▶ [Records for this exercise]
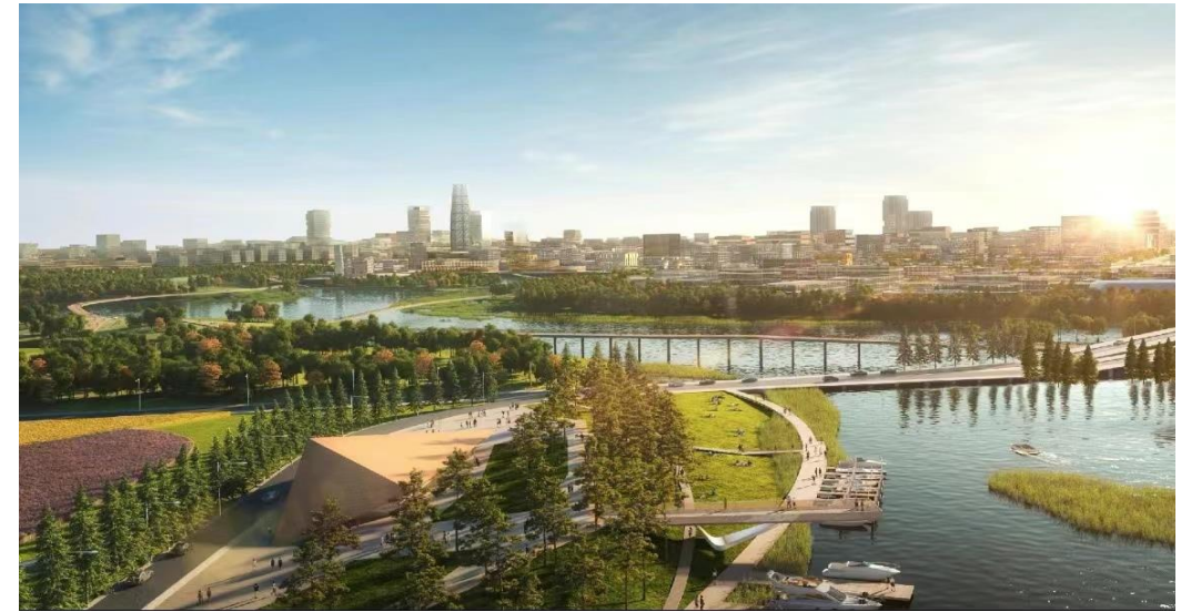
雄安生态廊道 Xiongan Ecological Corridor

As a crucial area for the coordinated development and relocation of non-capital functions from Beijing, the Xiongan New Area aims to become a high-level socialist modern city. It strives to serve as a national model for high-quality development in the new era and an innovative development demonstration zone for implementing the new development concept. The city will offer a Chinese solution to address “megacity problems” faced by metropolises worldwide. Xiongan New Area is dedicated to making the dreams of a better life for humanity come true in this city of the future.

--

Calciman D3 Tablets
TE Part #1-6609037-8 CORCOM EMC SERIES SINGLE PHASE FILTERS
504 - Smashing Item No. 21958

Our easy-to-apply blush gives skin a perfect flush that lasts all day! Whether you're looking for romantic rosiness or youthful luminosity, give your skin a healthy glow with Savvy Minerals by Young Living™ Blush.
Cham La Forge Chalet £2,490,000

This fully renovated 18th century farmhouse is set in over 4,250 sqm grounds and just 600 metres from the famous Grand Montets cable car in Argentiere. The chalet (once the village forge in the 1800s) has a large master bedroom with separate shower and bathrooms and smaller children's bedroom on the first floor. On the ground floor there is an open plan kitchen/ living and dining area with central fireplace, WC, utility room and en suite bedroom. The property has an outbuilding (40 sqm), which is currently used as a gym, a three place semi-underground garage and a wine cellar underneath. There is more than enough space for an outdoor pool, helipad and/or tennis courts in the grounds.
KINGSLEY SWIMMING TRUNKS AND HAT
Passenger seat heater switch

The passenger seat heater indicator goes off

▶ [What you should do] Given the data above, transcribe exactly the lines from the one containing "KINGSLEY SWIMMING TRUNKS AND HAT" down to the one containing "The passenger seat heater indicator goes off", and no others.

▶ [Answer space]
KINGSLEY SWIMMING TRUNKS AND HAT
Passenger seat heater switch

The passenger seat heater indicator goes off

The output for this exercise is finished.